Flightattendant27, your social problems sound like most of us with an ASD. If I had a £ for every time I've said something and discovered it was Very Rude for some unknown reason , I'd be rich.

I've known for about 5 years, and have been dx'd by two different methods over that timescale, both ending up with "oh yes!" as the answer. But I didn't really have a clue until I was a few years older than you are now, so lived much of my life in a very aspie-like way but without realising why.

Standard psychiatrists have little clue about adult ASDs as yet. Even the proper diagnostic people are still learning about it, because so few adults have been discovered as yet and a lot of what they had assumed about us has turned out to be untrue/misleading. They've only just discovered the sensory stuff (hypersensitive or undersensitive to things like sound, flickering lights, touch, tastes, textures, smells etc) and they only found out about it by reading the books we were writing about our lives. As it wasn't on the questionnaires they'd written, we didn't mention it (being very literal people )

Hint to medical professionals: Listen to your clients first, then design questions about it afterwards

misscutandstick · 26/02/2009 18:23

After having several children, the majority of which seem and/or are Dx'd ASD, it has come to our attention that its very possible that both me and Dh are on the spectrum somewhere. Out of interest we just took the test too... we both scored 40 (on different things) but it isnt much of a surprise and we are happy with our lives.
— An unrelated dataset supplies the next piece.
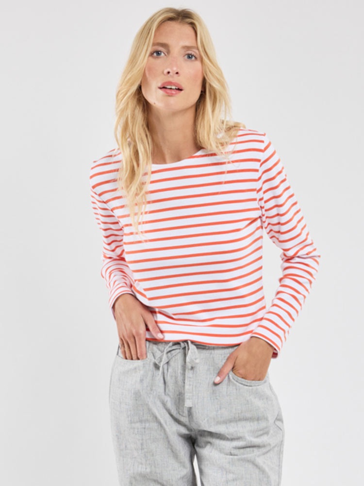 Women's Breton striped top made in soft thick cotton by French label Armor Lux. This is a long sleeved round neck shirt in mainly white with coral stripes. Small fabric label on sleeve.

misscutandstick · 26/02/2009 18:25

...our socially inept, factually correct, very routine lives

onlyjoking9329 · 27/02/2009 08:42

i scored 9, my husband did this test some years ago and got over 40, we have 3 children all of them have autism, My DH accepted that he had AS thou he never went for DX, my DH semed to get more autistic then he was DX with a brain tumour, i do wonder about the cross over now and wonder what was down to the AS and what was down to the brain tumour, DH would have been good for the doctors to look at for research, sadly he died in june so that won't happen now. DH had an identical twin who has similar difficulties to Steve they would have made an interesting case study.

Flightattendant27 · 27/02/2009 09:28

Hi OJ

Thankyou. Hope it hasn't brought up too many sad feelings.

Wow 9 though, you must be a very sociable person!

I had heard it can be hereditary.

I did my mum with the test last night. She reckons she has OCD and social phobia, but surprise surprise all her answers were coming back with the same scores as me.

Miss C&S, I envy you being so contented. It must be lovely having such an understanding of each other.